Regarding claims 9-14, the scope of the instant claims does not differ substantially from that of claims 2-7, and they are rejected for the same reasons, respectively.  Regarding claim 15, the scope of the instant claim does not differ substantially from that of claims 1 and 2, and it is rejected for the same reasons.  Regarding claims 16-20, the scope of the instant claims does not differ substantially from that of claims 2-6, and they are rejected for the same reasons, respectively.

Response to Arguments
Rejection of claims under §103:
Applicant’s arguments with respect to the claims have been fully considered but are moot in view of the new grounds of rejection.  


Conclusion
The prior art made of record and not relied upon is considered pertinent to applicant's disclosure.  Orr discloses GPU-initiated network messages.  LeBeane discloses GPU triggered networking.
Applicant's amendment necessitated the new ground(s) of rejection presented in this Office action.  Accordingly, THIS ACTION IS MADE FINAL.  See MPEP § 706.07(a).  Applicant is reminded of the extension of time policy as set forth in 37 CFR 1.136(a).  
A shortened statutory period for reply to this final action is set to expire THREE MONTHS from the mailing date of this action.  In the event a first reply is filed within TWO MONTHS of the mailing date of this final action and the advisory action is not mailed until after the end of the THREE-MONTH shortened statutory period, then the shortened statutory period will expire on the date the advisory action is mailed, and any extension fee pursuant to 37 CFR 1.136(a) will be calculated from the mailing date of the advisory action.  In no event, however, will the statutory period for reply expire later than SIX MONTHS from the date of this final action. 
Any inquiry concerning this communication or earlier communications from the examiner should be directed to KIMBERLY L JORDAN whose telephone number is (571)270-5481.  The examiner can normally be reached on Monday-Friday 9:30am-5:30pm.
Examiner interviews are available via telephone, in-person, and video conferencing using a USPTO supplied web-based collaboration tool.

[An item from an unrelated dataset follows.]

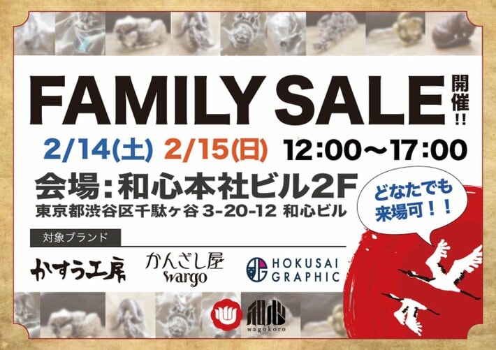 『日本のカルチャーを世界へ』というビジョンのもと、簪(かんざし)や和傘・和柄傘、箸等の和小物を全国で複数展開する株式会社和心(東京都渋谷区、代表取締役社長:森 智宏、東証グロース:9271)は、2026年2月14日(土)・15日(日)の2日間、東京千駄ヶ谷本社にて「本社ファミリーセール」を開催いたします。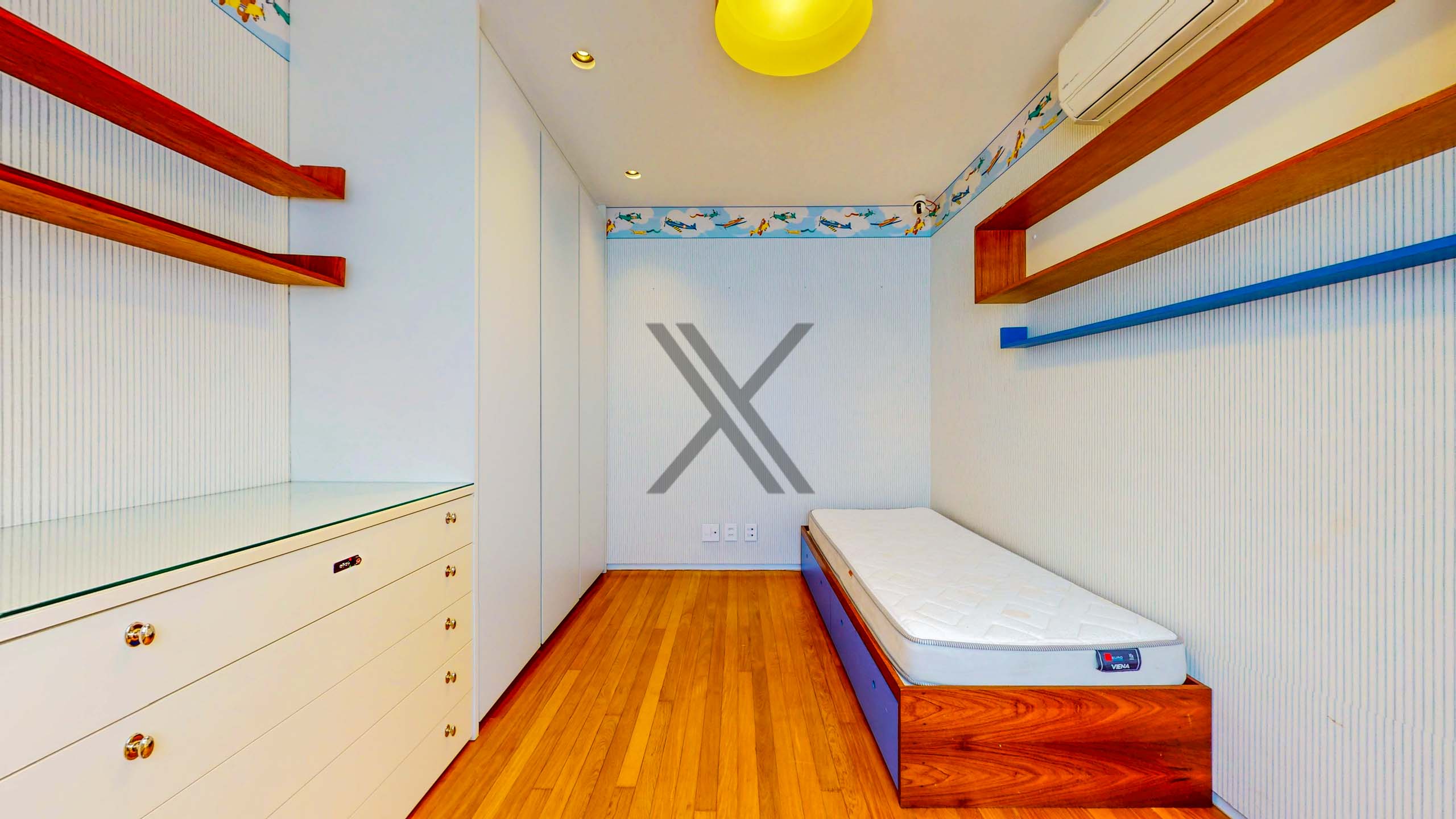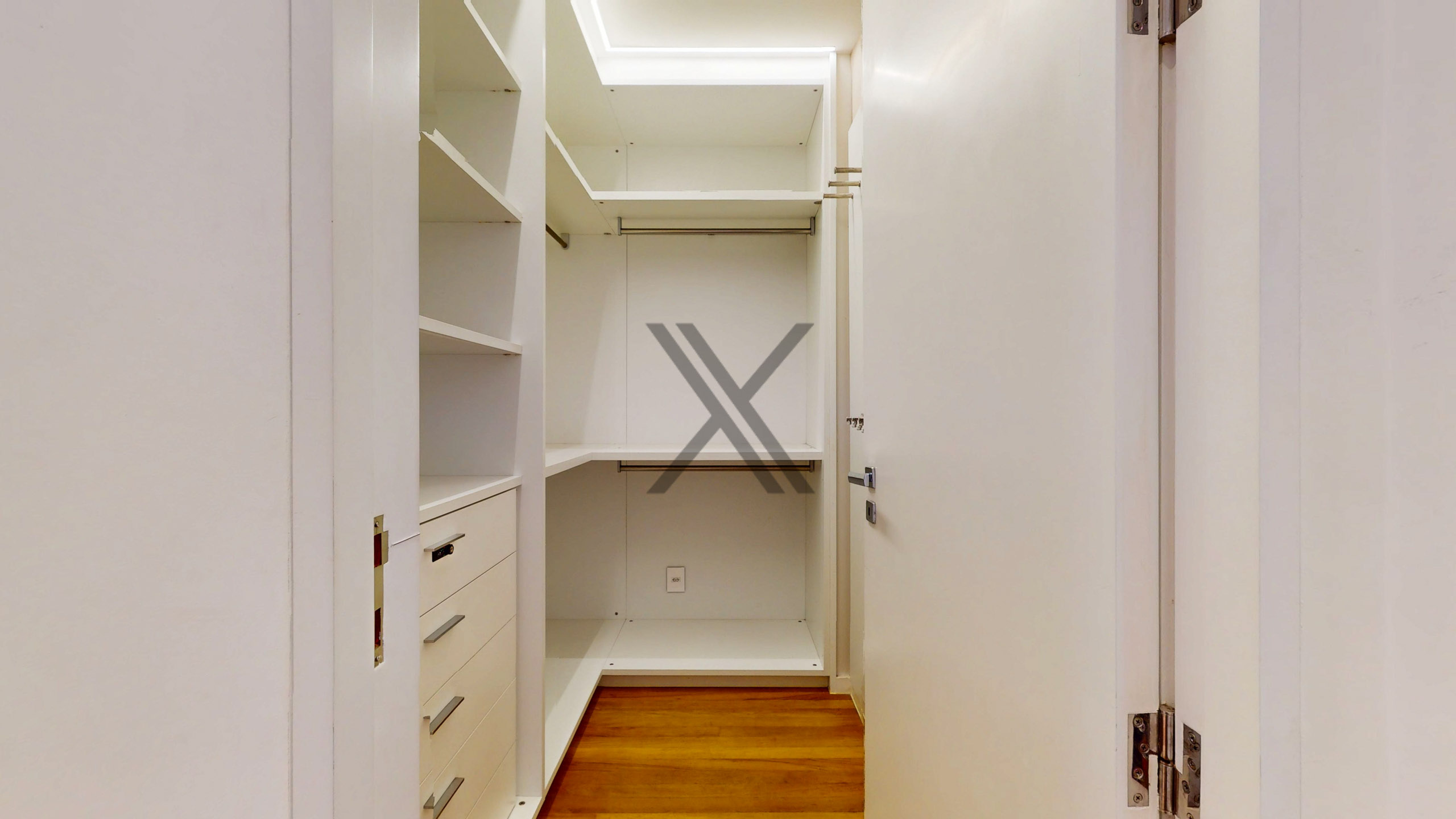 O segundo pavimento tem uma excelente área de convívio com TV e bancada gourmet. A parte privativa é composta por 4 suítes, todas com ótimo tamanho, armários e splits instalados. A suíte master é um show à parte, pois conta com dois walk-in closets e banheiro com pia dupla, banheira e chuveiro.

To schedule an interview, applicant is encouraged to use the USPTO Automated Interview Request (AIR) at http://www.uspto.gov/interviewpractice.

Information regarding the status of an application may be obtained from the Patent Application Information Retrieval (PAIR) system.  Status information for published applications may be obtained from either Private PAIR or Public PAIR.  Status information for unpublished applications is available through Private PAIR only.  For more information about the PAIR system, see http://pair-direct.uspto.gov. Should you have questions on access to the Private PAIR system, contact the Electronic Business Center (EBC) at 866-217-9197 (toll-free). If you would like assistance from a USPTO Customer Service Representative or access to the automated information system, call 800-786-9199 (IN USA OR CANADA) or 571-272-1000.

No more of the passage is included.